Mingus wrote it as an elegy for saxophonist Lester Young, who had died two months prior to the recording session and who was known for wearing unusually broad-brimmed pork pie hats. These were "busted down" by Young himself, from hats that might better be described as Homburgs, but which he only purchased in "Negro districts". This was since, according to an interview with Young in the November 1949 edition of Our World, "You can't get the right type in a 'gray' neighborhood". In June 2026, CBS News included the song in its list of the 250 essential American songs of the past 250 years.

==Lyrics==

Originally written as an instrumental piece, lyrics have been added on a number of occasions. Rahsaan Roland Kirk performed lyrics for the song on his 1976 album, The Return of the 5000 Lb. Man. Joni Mitchell did so on her 1979 album Mingus. English folk singer June Tabor recorded it with Kirk's lyrics on an album of jazz standards released in 1989. Lyrics have also been added by Vin D'Onofrio (whose version was recorded by the Japanese singer and pianist, Chie Ayado) and by the American jazz artist Lauren Hooker. Hooker's lyrics differ radically from those in earlier versions in that they address the experience of domestic abuse, perpetrated by a man who wears a pork pie hat, rather than celebrating the life and music of Lester Young in the manner favored by Kirk and Mitchell.

== Other versions ==

Mingus re-released the song on his 1963 album Mingus Mingus Mingus Mingus Mingus as "Theme for Lester Young" and on 1977's Three or Four Shades of Blues.

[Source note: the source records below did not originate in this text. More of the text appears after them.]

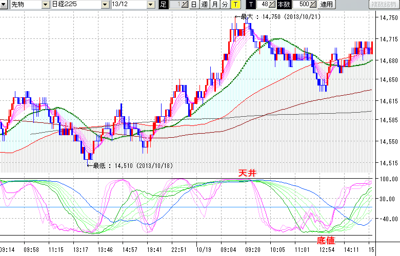 2013/10/21 - tensokoさんの株式ブログ。タイトル:「★10/21 日中の株価の天底★」 本文:★10/21 日中の株価の天底★ ↓クリックで画像拡大↓ ※指標ラインの密集点が天底・転換点を示します。指標の見方日経225large先物チャート : 48ティック足天井 : 14750 (10/21
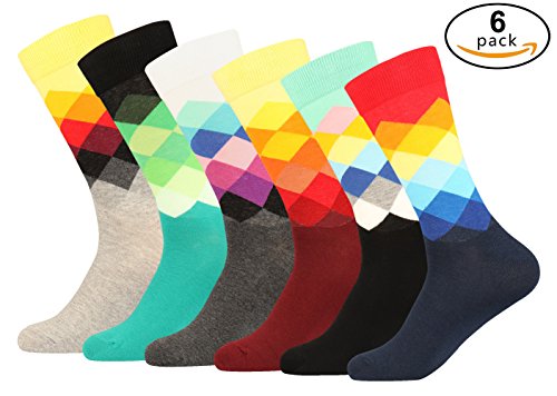 -. Title : Men's Funky Colorful Argyle Striped Pattern Long Dress Crew Socks For Business Casual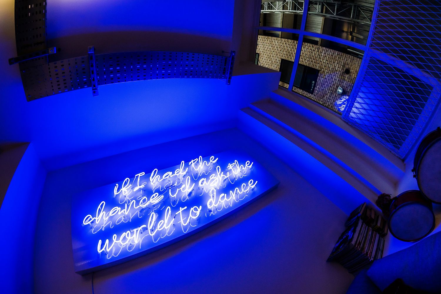The brief was left wide open for interpretation – take our handpicked quote ‘if I had the chance I’d ask the world to dance’ and use its whimsy to bring a little bit of nightclub bling or jazz bar coolness to our breakout area. Music to our ears!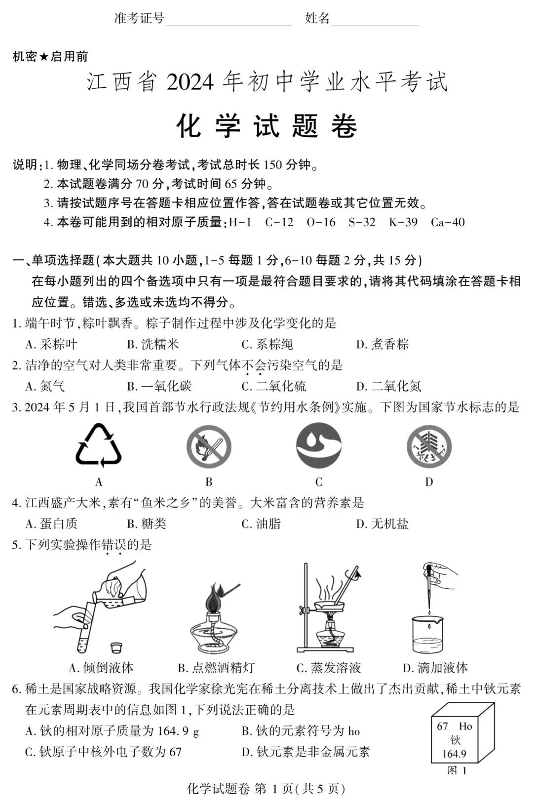 江西中考為大家?guī)?024年江西中考真題化學(xué)的詳細(xì)講解,希望能幫助大家順利備考哦。預(yù)祝大家考試成功哦。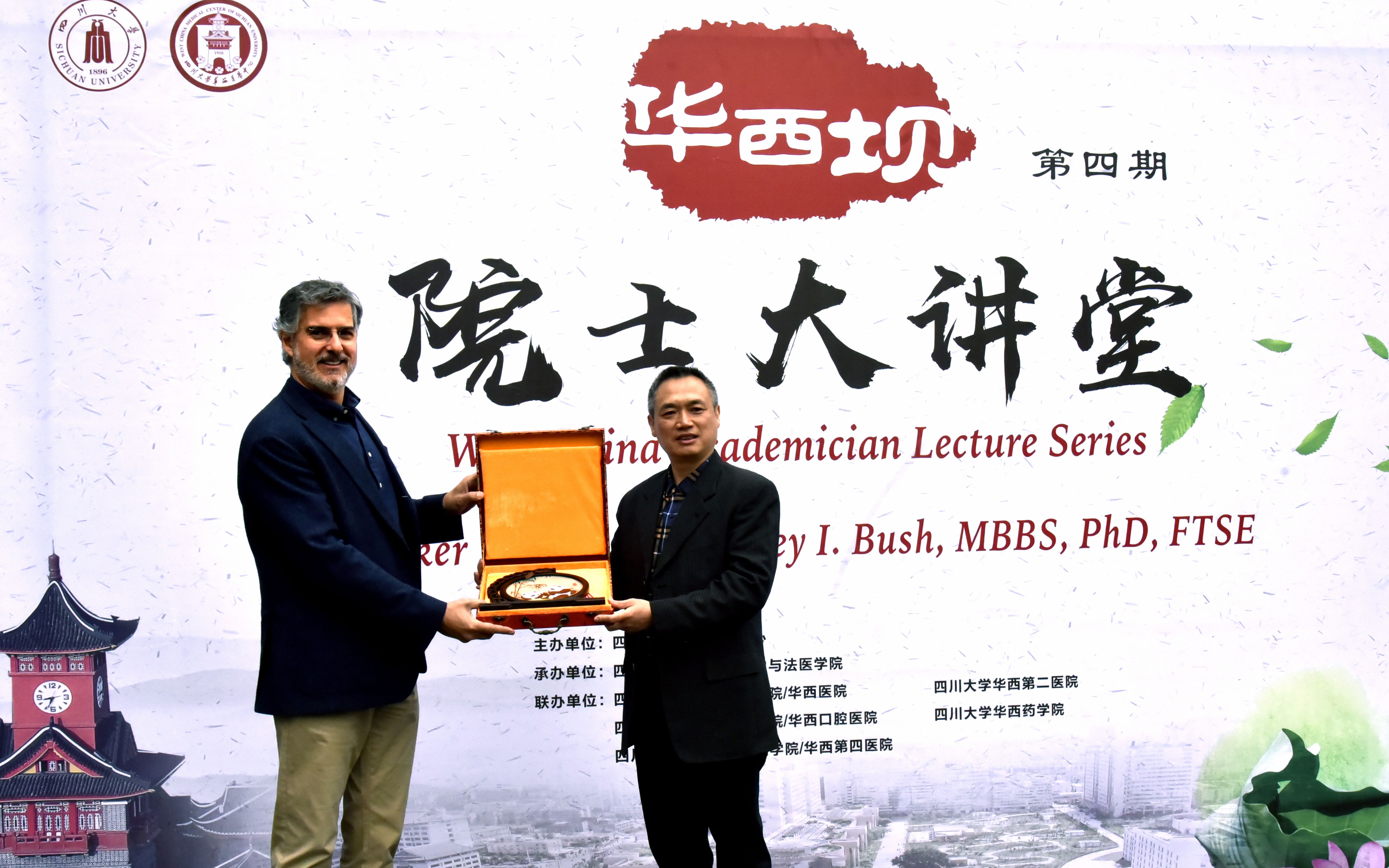 12月1日(星期六)上午9点,由华西医学中心牵头主办、365英国上市集团承办、医学各公司/医院协办的第四期“华西坝院士大讲堂”在华西校区逸夫基础医学楼学术报告厅隆重举行。本期的主讲嘉宾是澳大利亚墨尔本大学失智症研究中心主任,澳洲工程院、澳洲医学研究院Ashley Bush院士。本次大讲堂吸引了来自华西医学中心以及公司生命科公司等单位师生约260人参加,大讲堂由公司党委书记李昌龙教授主持。

An early indication of the song's cross-genre appeal came in 1966, when it was recorded by the British folk guitar duo, Bert Jansch and John Renbourn. Rather than offering a tightly arranged collaboration between the two musicians, Jansch and Renbourn's rendition was recorded in hard stereo, with each guitarist offering a different interpretation of the tune. When Jansch and Renbourn formed Pentangle the next year, a group arrangement of the song became a fixture in their set, and a version recorded live at the Royal Festival Hall in London was released on Sweet Child in 1968. Though Pentangle included a lead vocalist and three of the four instrumentalists also sang, no attempt was made to add lyrics or scat. Renbourn returned to it again in 1985, this time with the American blues guitarist, Stefan Grossman.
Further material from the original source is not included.